With the fair celebrating the 400th anniversary of Christopher Columbus's arrival in the New World, the "Egg of Columbus" exhibit, building on the apocryphal 15th century story of the "Egg of Columbus" (where the explorer stood an egg on end by smashing its bottom), is described as going "one better" by using a magnetic field to stand an egg on end. It presented the viewer with a flat round wooden surface surrounded by a wooden rim. Inside this rim it performed Christopher Columbus's feat by spinning a copper egg, larger than an ostrich egg, in a rotating magnetic field causing it to stand on end on its major axis due to gyroscopic action. The display also included round copper balls that seemed to orbit around the edge similar to the way planets move. Whenever the large rotating magnetic field set up by the Egg of Columbus was turned on it impressed the public by spinning various magnetized metal balls and painted metal disks on the display table and even small disks inside vacuum bulbs placed at some distance around the Electricity Building.

Underneath what the public saw was a toroidal iron core stator on which four electromagnetic coils were wound. The device was powered by a two-phase alternating current source (such as a variable speed alternator) to create the rotating magnetic field. The device operated on a frequency of 25 to 300 hertz. The ideal operating frequency was described as being between 35 and 40 hertz.

The device has been described as being built by Westinghouse engineer Charles F. Scott, who was in charge of development of the induction motor for the company, although a March 1919 Electrical Experimenter article claimed it was built by Westinghouse Electric Superintendent Albert Schmid.
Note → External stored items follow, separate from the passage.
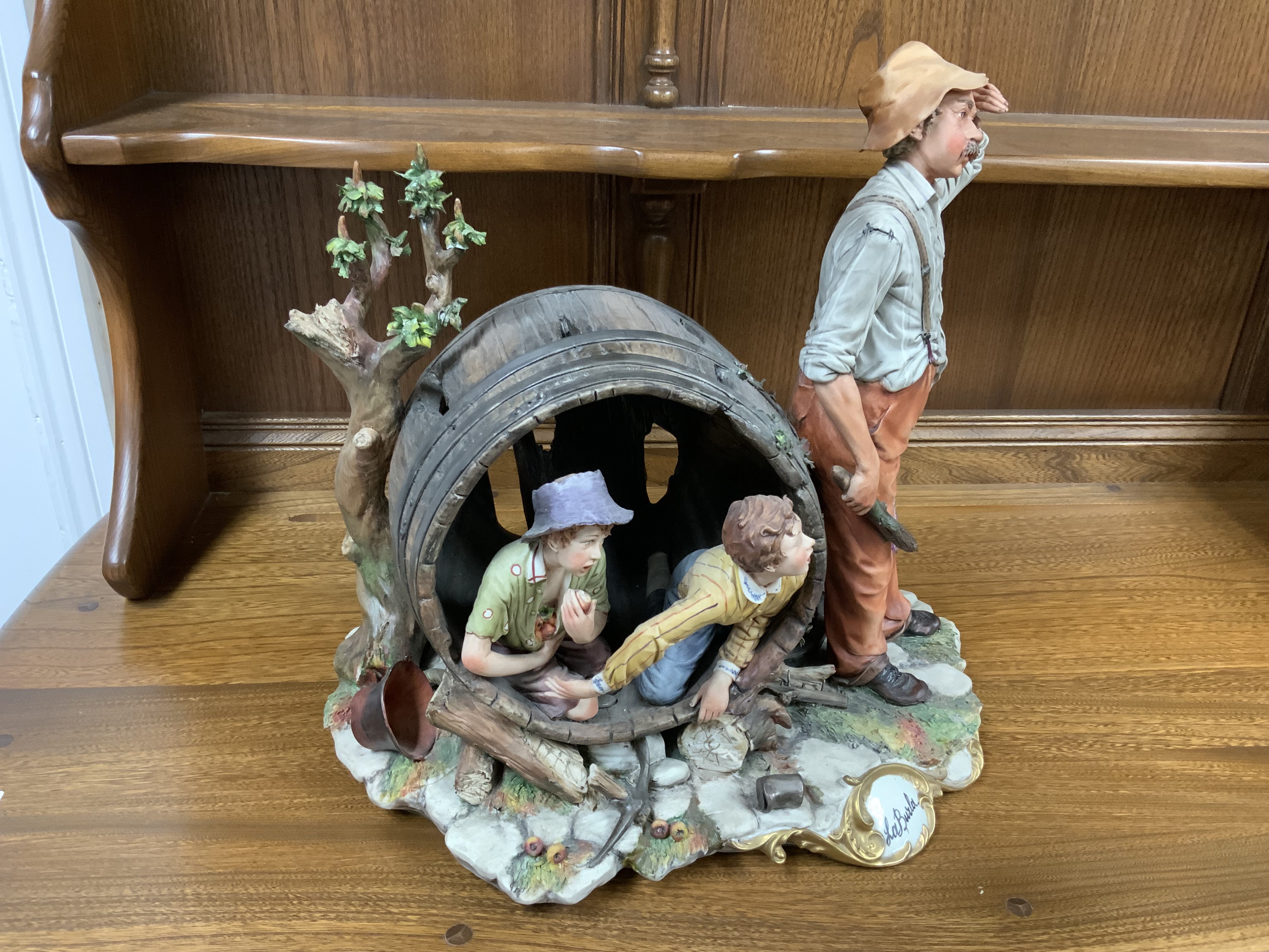 A Large Capodimonte Porcelain Sculpture title La Burla. (Posatge D, no postage avaliable in house)
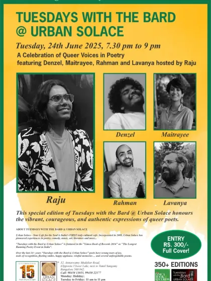 Tuesdays with the Bard - India’s record-breaking weekly poetry event. Poets, applause, tears, and first-time voices—everyone’s welcome.
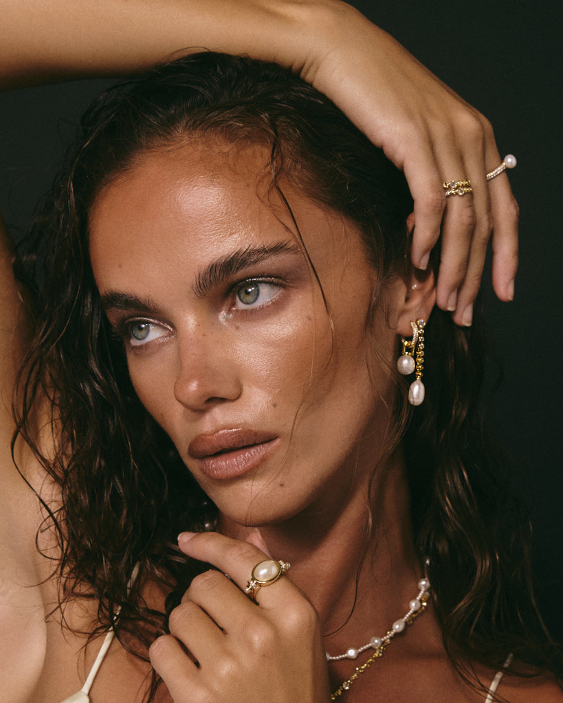 This Pearl Pave Amalfi Ring by Luv Aj brings together classic charm and contemporary shine. At its center, a round freshwater pearl sits delicately within a sparkling pave band, creating a soft yet striking contrast. Designed with understated elegance, this piece evokes a sense of femininity and calm, making it a perfect choice for adding a refined glow to everyday ensembles.
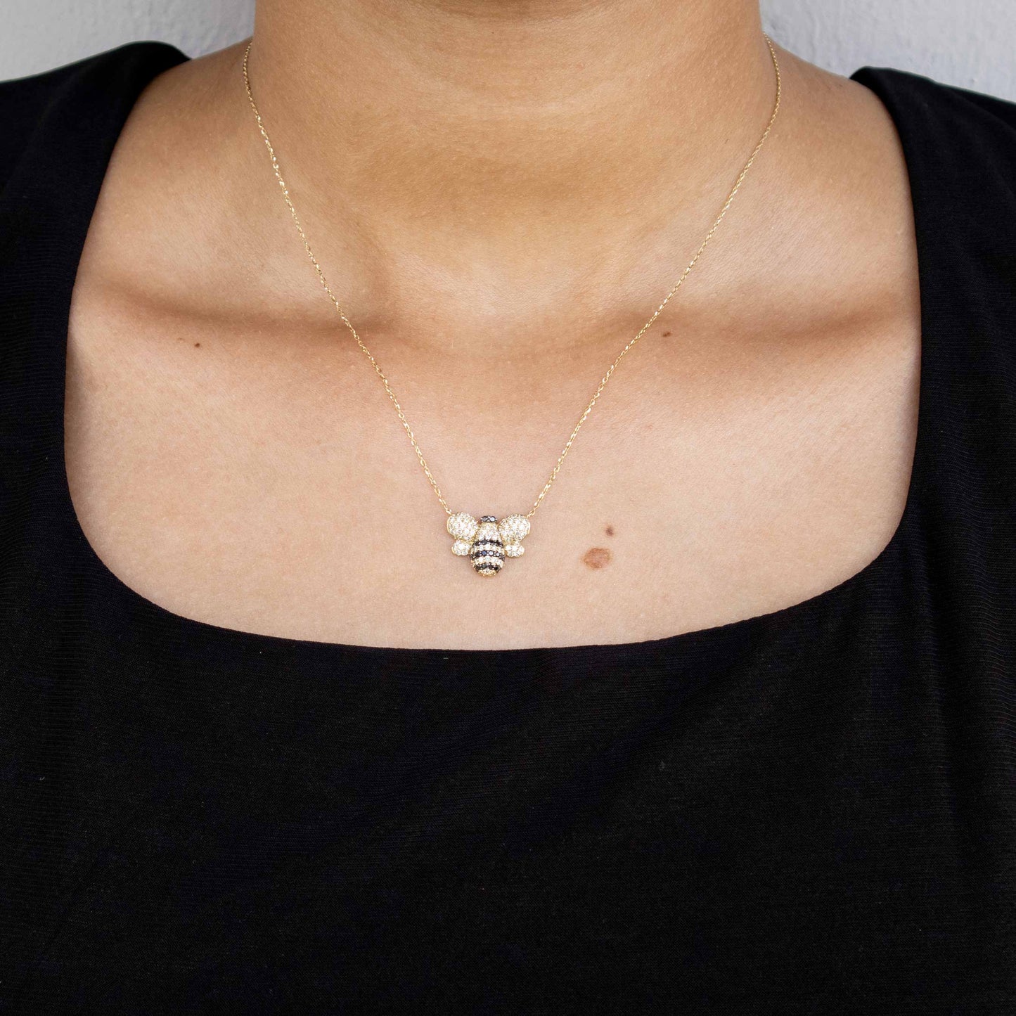 14K Yellow Gold Bumble Bee Diamond Pendant Necklace

The Columbian Exposition "Egg of Columbus" ended up at Tesla's 46 & 48 East Houston Street New York City laboratory where he would demonstrate it to visitors. Margaret Cheney's 1981 book Tesla: Man Out of Time says that after Tesla's death the device was sent to Yugoslavia in 1952 along with many other Tesla papers, models and artifacts, becoming part of the collection at the Nikola Tesla Museum in Belgrade although her later 1999 book Tesla: Master of Lightning seems to indicate that the museum has only a smaller copy.

===Alternative origin===

An alternative origin for Tesla's "Egg of Columbus" was told by Nikola Tesla himself to the editors of Electrical Experimenter and published in their March, 1919 article "How Tesla Performed the Feat of Columbus Without Cracking the Egg". In this version the year of invention was 1887 when "He had approached a Wall Street capitalist — a prominent lawyer — with a view of getting financial support and this gentleman called in a friend of his, a well-known engineer at the head of one of the big corporations in New York, to pass upon the merits of the scheme". At that time these would have been Charles F. Peck and Alfred S. Brown, Tesla's financial backers and partners in the Tesla Electric Company. Tesla's story has him convincing these men that a rotating magnetic field AC induction motor would be a feasible invention worth developing via building the "Egg of Columbus" the next day and demonstrating it to them.

==Reproductions==
Reproductions of the device are displayed at the Nikola Tesla Museum in Belgrade, the Memorial Centre "Nikola Tesla" in Smiljan, the Technical Museum in Zagreb, the Croatian History Museum in Zagreb, in the Ampère Museum in Lyon, France, in the Ann Arbor Hands-On Museum in Ann Arbor, MI, and the Tesla Science Center at Wardenclyffe in Shoreham, NY.